- ID:
- ivo://CDS.VizieR/J/A+A/656/A117
- Title:
- Chandra J1030 Redshift identification
- Short Name:
- J/A+A/656/A117
- Date:
- 22 Feb 2022
- Publisher:
- CDS
- Description:
- We publicly release the spectroscopic and photometric redshift catalog of the sources detected with Chandra in the field of the z=6.3 quasar SDSS J1030+0525. This is currently the fifth deepest X-ray field, and reaches a 0.5-2keV flux limit f_0.5-2_=6x10^-17^erg/s/cm^2^. By using two independent methods, we measure a photometric redshift for 243 objects, while 123 (51%) sources also have a spectroscopic redshift, 110 of which coming from an INAF-Large Binocular Telescope (LBT) Strategic Program. We use the spectroscopic redshifts to determine the quality of the photometric ones, and find it in agreement with that of other X-ray surveys which used a similar number of photometric data-points.

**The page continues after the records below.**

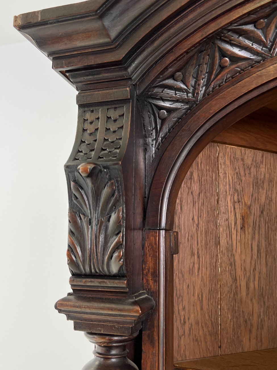 Kampinis drožinėtas riešutmedžio bufetas.
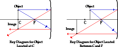 Once the method of drawing ray diagrams is practiced a couple of times, it becomes as natural as breathing. Each diagram yields specific information about the image. The two diagrams below show how to determine image location, size, orientation and type for situations in which the object is located at the center of curvature and when the object is located between the center of curvature and the focal point.
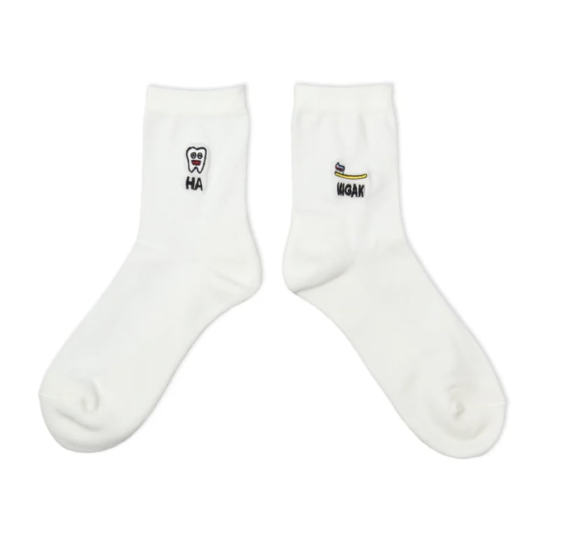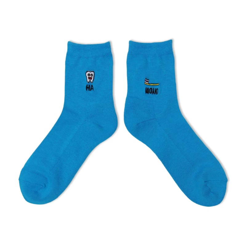 パイルソックス | HA-MIGAKIは、NEGO6がデザインした、左右非対称の刺繍(歯と歯ブラシ)が可愛いソックスです。見た目は軽やかですが、底部分はパイル加工が施されているため、驚きの履き心地を実現しています!
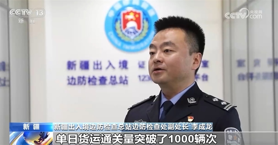 新疆出入境邊防檢查總站邊防檢查處副處長 李成龍:今年以來,霍爾果斯、阿拉山口等9個(gè)公路口岸通關(guān)量接連突破了歷史峰值,特別是霍爾果斯公路口岸,單日貨運(yùn)通關(guān)量突破了1000輛次。

In particular, we measure a sample normalized median absolute deviation sigma_NMAD_=1.48xmedia(||z_phot_-z_spec_||/(1+z_spec_)=0.065. We use these new spectroscopic and photometric redshifts to study the properties of the Chandra J1030 field. We observe several peaks in our spectroscopic redshift distribution between z=0.15 and z=1.5, and find that the sources in each peak are often distributed across the whole Chandra field of view. This evidence confirms that X-ray selected AGN can efficiently track large-scale structures over physical scales of several Mpc. Finally, we computed the Chandra J1030 z>3 number counts: while the spectroscopic completeness at high-redshift of our sample is limited, our results point towards a potential source excess at z>=4, which we plan to either confirm or reject in the near future with dedicated spectroscopic campaigns.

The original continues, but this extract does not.